After it became public that Colorado College had invited Hanan Ashrawi of the Palestinian Authority to address the one-year memorial of 9/11, outraged students, parents, faculty, and alumni pressured the college administration to add someone to give an alternate point of view. I was the one given this honor.
Hanan Ashrawi speaking at Colorado College. |
Bin Laden and his ilk represent violence and fanaticism. The United States must learn from its tragedy to avoid this course. Instead, it should follow the dictates of the United Nations, including, of course, those many that apply to Israel. QED.
This, by the way, is the standard leftist agenda for a world order (which I plan to devote a column to shortly) as applied to the Arab-Israeli conflict.
The audience divided, as best I could tell, about half-half, with some clapping madly and others sitting firmly on their hands. The only protests were the waving of small "I disagree" signs and the very occasional boo (usually, when Ashrawi made a gratuitous swipe at Israel). For some reason, the college president, Richard Celeste, tolerated the applause that interrupted Ashrawi's talk but remonstrated against the booing - though they were parallel responses. I am still puzzling over that one.
After Ashrawi finished, Celeste announced the other events of the multi-day symposium and, in an almost slurred way, also announced my talk, to follow Ashrawi's. (He thus kept his part of the bargain, but just barely; my talk was an official college function but not part of the symposium.)

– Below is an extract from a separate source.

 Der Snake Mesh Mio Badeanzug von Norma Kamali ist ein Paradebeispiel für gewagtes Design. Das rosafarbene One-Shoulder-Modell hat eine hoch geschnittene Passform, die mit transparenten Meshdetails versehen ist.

Those who fought for my giving a response to Ashrawi did a magnificent job, mobilizing and pressuring the college to include an alternative point of view; but they made a tactical mistake in placing me in a venue separate from Ashrawi's. I spoke in front of a large tent on the lawn just by the auditorium where Ashrawi had been. I had about half her audience and half her media coverage. Fortunately, though warm, there was no rain and the event went off well.

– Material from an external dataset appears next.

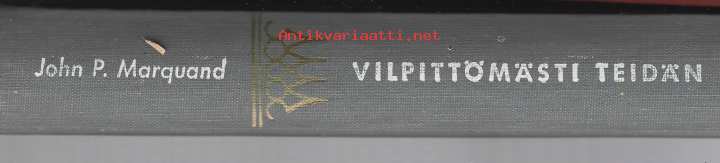 Vilpittömästi teidänKirjaMarquand, John P.Gummerus 1957.Ulkoasu 466 sivuaKieli suomiAlkuteoksen kieli suomiJulkaistu Jyväskylä : Gummerus 1957.Lisätiedot John P. Marquand ; suom. Kristiina Kivivuori

I had the privilege of being introduced by Ken Salazar, the attorney general of Colorado, a graduate of Colorado College, and a member of its board of trustees. I did three things in a few minutes (many fewer minutes than one hundred): review the Ashrawi controversy, rebut her talk (pointing out her biases, conceptual errors, factual mistakes, etc.), then outline "what she should have said" - namely my own views on the topic of the symposium. (A succinct version of these can be found at "Aim the War on Terror at Militant Islam," Los Angeles Times, January 6, 2002.)
I congratulated my enthusiastic crowd on their energy and resolve concerning Ashrawi at Colorado College, but I also emphasized that protesting her a single time would not amount to much. Systematic and organized efforts must be made to delegitimize voices such as hers, those that are on the enemy's side in our current war. They have a perfect right to speak but they should not be awarded prestigious and highly-paid fora in which to promote those views.
Sep. 18, 2002 addenda: (1) For reporting on the event, see the "Palestinian speaker roils Colorado college" in The Washington Times, a much superior account than that of Associated Press or the local newspapers..
(2) I placed the Colorado College episode in context (along with the Binyamin Netanyahu talk in Montreal) in my column yesterday, "The War on Campus."
(3) For a fine piece on my talk at another CC - in this case Connecticut College - see "At Conn, fear muffles the debate" in Connecticut's Day newspaper, September 15, 2002.
Apr. 2, 2017 update: Fifteen years later and Ashrawi still resents my raining on her parade. From a (slightly incoherent) talk she gave on Mar. 24 in Washington, discussing "Israeli apologists and spin doctors":
you have academic and cultural individuals and spin doctors who have been a primary force in shaping public perceptions including Krauthammer, Dershowitz, I'm sure you're hearing him now, Daniel Pipes.